Acheter et investir dans un appartement déjà loué : nos conseils

La crainte de la vacance locative et la gestion des visites freinent souvent les investisseurs, mais avez-vous envisagé la sécurité financière d’un bien avec locataire en place ? Acheter un appartement loué représente une solution efficace pour garantir des revenus dès le premier jour tout en profitant d’une décote significative sur le prix d’acquisition. Ce dossier vous livre les clés pour auditer le bail existant et sécuriser votre rentabilité, transformant ainsi une situation figée en un investissement performant et maîtrisé.

  1. Les avantages immédiats d’un achat occupé : une opération rentable
  2. Les contraintes à maîtriser : ce que vous héritez avec le logement
  3. Récupérer le bien pour y habiter : le parcours du combattant
  4. Les cas particuliers à anticiper pour éviter les pièges
  5. Votre plan d’attaque : la checklist avant de signer
  6. Et la fiscalité dans tout ça ? comment déclarer vos revenus

Les avantages immédiats d’un achat occupé : une opération rentable

Une rentabilité dès le premier jour

Le principal atout pour acheter un appartement loué est la perception immédiate des loyers. Pas de recherche de locataire, pas de visites à organiser. L’argent rentre dès la signature chez le notaire.

Vous évitez aussi le piège de la vacance locative au démarrage. C’est une sécurité énorme qui élimine une des plus grandes craintes de l’investisseur. Le flux de trésorerie est positif et connu d’avance, ce qui simplifie tous les calculs.

Cette visibilité est un argument de poids, surtout pour un premier investissement. C’est un départ sur les chapeaux de roue.

Un prix d’achat souvent décoté

Voyez la décote sur le prix d’achat comme une compensation logique pour l’indisponibilité du bien. Cette réduction peut varier de 5 % à 30 % par rapport à un logement vide équivalent. C’est une négociation à ne pas négliger.

Plusieurs facteurs pilotent cette baisse, mais la durée restante du bail est le principal levier. Plus l’échéance est lointaine, plus la décote doit être importante pour justifier votre attente.

Le montant du loyer et l’âge du locataire, notamment s’il est protégé, sont aussi des éléments qui pèsent dans la balance pour négocier le prix.

Un dossier de financement qui rassure la banque

Les banques voient ce type de projet d’un bon œil. La présence d’un locataire sérieux est une garantie de revenus tangible. Le risque est perçu comme plus faible qu’un bien vide.

Vous présentez un dossier de prêt immobilier avec une rentabilité locative prouvée et non théorique. Vous avez les quittances de loyer pour le démontrer.

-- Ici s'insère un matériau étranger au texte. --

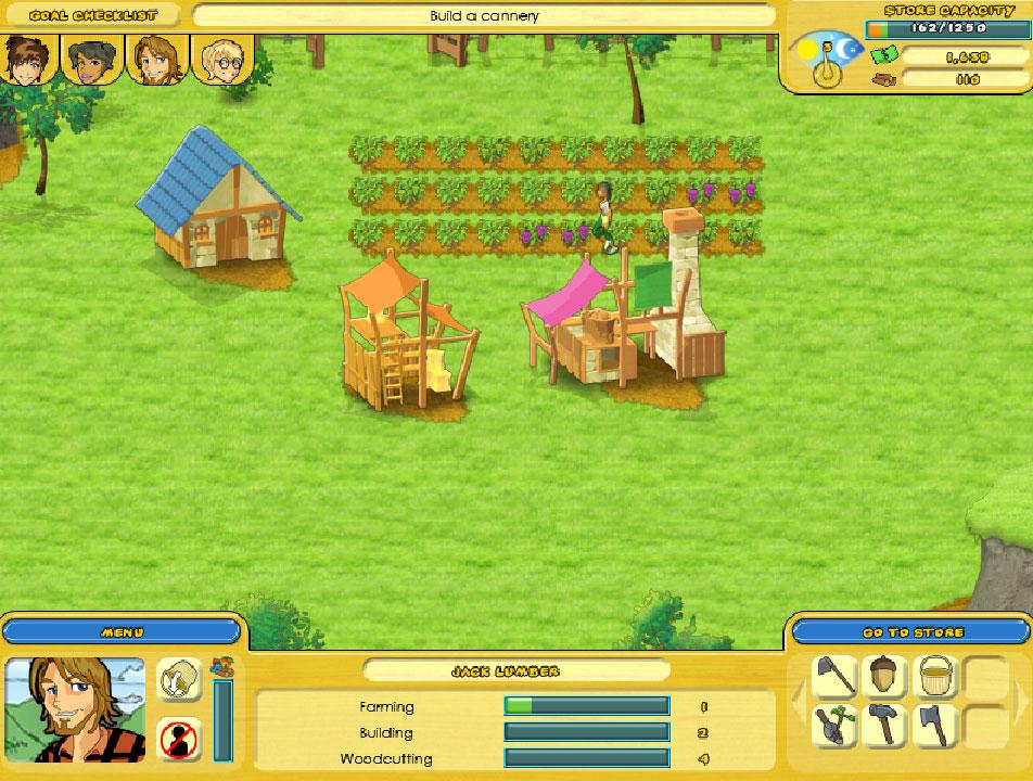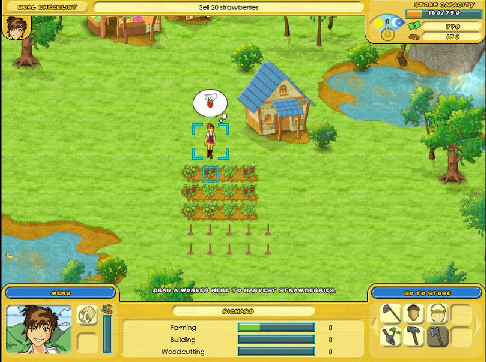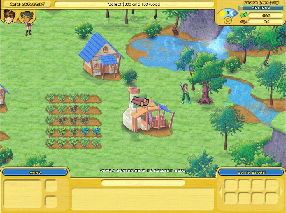 Hire workers, plant crops and harvest wood to earn money.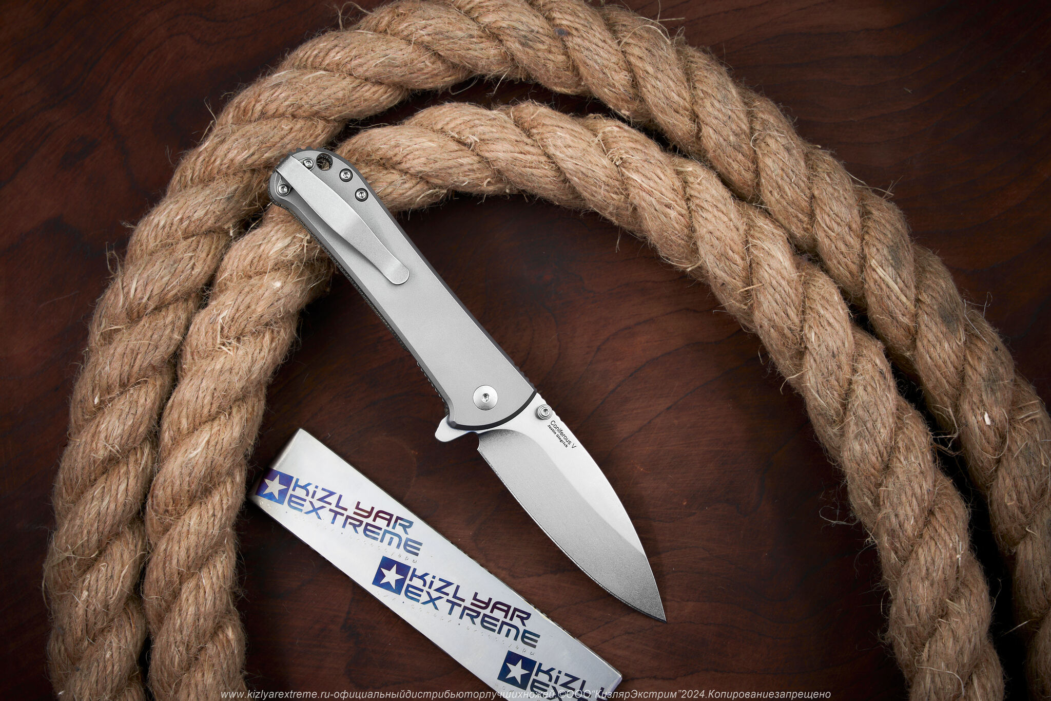 Рукоять из титана и микарты имеет простую и удобную форму. Для ношения в кармане предусмотрена клипса, а также есть отверстие для темляка.

C’est un argument massue pour votre courtier en crédit immobilier.

Cela peut faciliter l’obtention du prêt et potentiellement améliorer les conditions d’emprunt auprès de votre banquier.

Les contraintes à maîtriser : ce que vous héritez avec le logement

Mais ces avantages ont une contrepartie. Acheter un appartement loué offre des opportunités, mais c’est aussi accepter un cadre déjà défini qu’il faut comprendre avant de signer.

Le bail en cours : un contrat que vous ne pouvez pas modifier

En tant que nouvel acquéreur, vous héritez du bail signé par l’ancien propriétaire. Vous êtes légalement tenu de le respecter dans son intégralité. Aucune modification des clauses n’est possible avant son échéance.

Attention au piège d’un loyer potentiellement sous-évalué. Si le loyer est bien en dessous du marché, vous serez bloqué avec ce montant jusqu’à la fin du bail.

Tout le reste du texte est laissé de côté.